For codea showcase, i have to decode a little bit of html. I’ve decided to switch to patterns. Here are my first patterns explained. Since i am a noob in patterns, it may help some of you to jump into them more quickly.
function setup()
str = "12 add FGv"
for s in charSplit(str," ") do print(s) end
str = "12|add|FGv"
for s in charSplit(str,"|") do print(s) end
somePatterns()
end
function charSplit(str,c)
str = str .. c
return string.gmatch(str,"(.-)"..c.."+")
end
function somePatterns()
-- some patterns explained:
local pattern = '(%b<>)' -- finds all <html tags>
-- pattern explained step by step:
-- '%b<>' a substring delimited by '<' and '>'
-- '(%b<>)' capture a substring delimited by '<' and '>', and include delimiters
local data = "<xxx> yyy </xxx>"
print("pattern: '"..pattern .. "'" )
print("input: '" .. data .. "'")
print("result:")
for tag in string.gmatch(data, pattern) do
print("'" .. tag .. "'" )
end
local pattern = '<xxx>(.-)</xxx>' -- finds content of one html tag xxx
-- pattern explained step by step:
-- '<xxx>.</xxx>' a substring delimited by '<xxx>' and '</xxx>'
-- '<xxx>(.)</xxx>' capture a substring delimited by '<xxx>' and '</xxx>', and exclude delimiters
-- '<xxx>(.-)</xxx>' capture a substring delimited by '<xxx>' and '</xxx>', the smallest possible, and exclude delimiters
local data = "<xxx> yyy </xxx>"
print("pattern: '"..pattern .. "'" )
print("input: '" .. data .. "'")
print("result:")
local tag = string.match(data, pattern)
print("'" .. tag .. "'" )
local pattern = '(<.->)([^<]*)' -- returns all pairs: <html tags>, text between html tags
-- pattern explained step by step:
-- '<.>' a substring delimited by '<' and '>'
-- '<.->' a substring delimited by '<' and '>', the smallest possible,
-- '(<.->)' capture a substring delimited by '<' and '>', the smallest possible, and include delimiters
-- '[^<]' a substring of chars that are not '<',
-- '[^<]*' a substring of chars that are not '<', the biggest possible, minimum 0 char.

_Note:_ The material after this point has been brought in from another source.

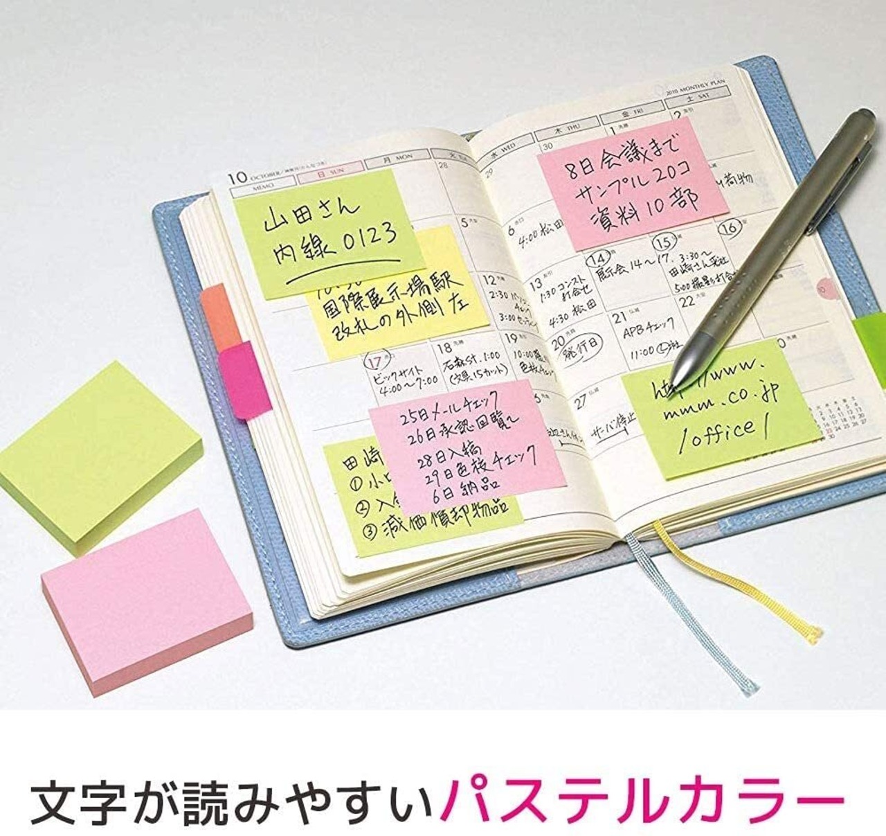 パステルカラーのラインナップは、お仕事のメモや家庭でのちょっとしたアイデアを書き留めるのにぴったりです。好きな色で分けて管理できるので、使い方も自由自在。オフィスや学校、家庭など、幅広いシーンで簡単に使いこなせます。

-- '([^<]*)' capture a substring of chars that are not '<', the biggest possible, minimum 0 char.
-- lets call these 2 patterns [A] and [B]. The whole pattern is:
-- '(<.->)([^<]*)' capture a substring according to [A], then, starting after the last char defined in [A], capture a substring according to [B]
local data = "<xxx> yyy </xxx>"
print("pattern: '"..pattern .. "'" )
print("input: '" .. data .. "'")
print("result:")
for tag, inner in string.gmatch(data,pattern) do
print("'" .. tag .. "', '" .. inner .. "'" )
end
end
--[[
-- i found this nice summary on the web:
http://www.gammon.com.au/scripts/doc.php?lua=string.find
Patterns
The standard patterns (character classes) you can search for are:
. --- (a dot) represents all characters.
%a --- all letters.
%c --- all control characters.
%d --- all digits.
%l --- all lowercase letters.
%p --- all punctuation characters.
%s --- all space characters.
%u --- all uppercase letters.
%w --- all alphanumeric characters.
%x --- all hexadecimal digits.
%z --- the character with hex representation 0x00 (null).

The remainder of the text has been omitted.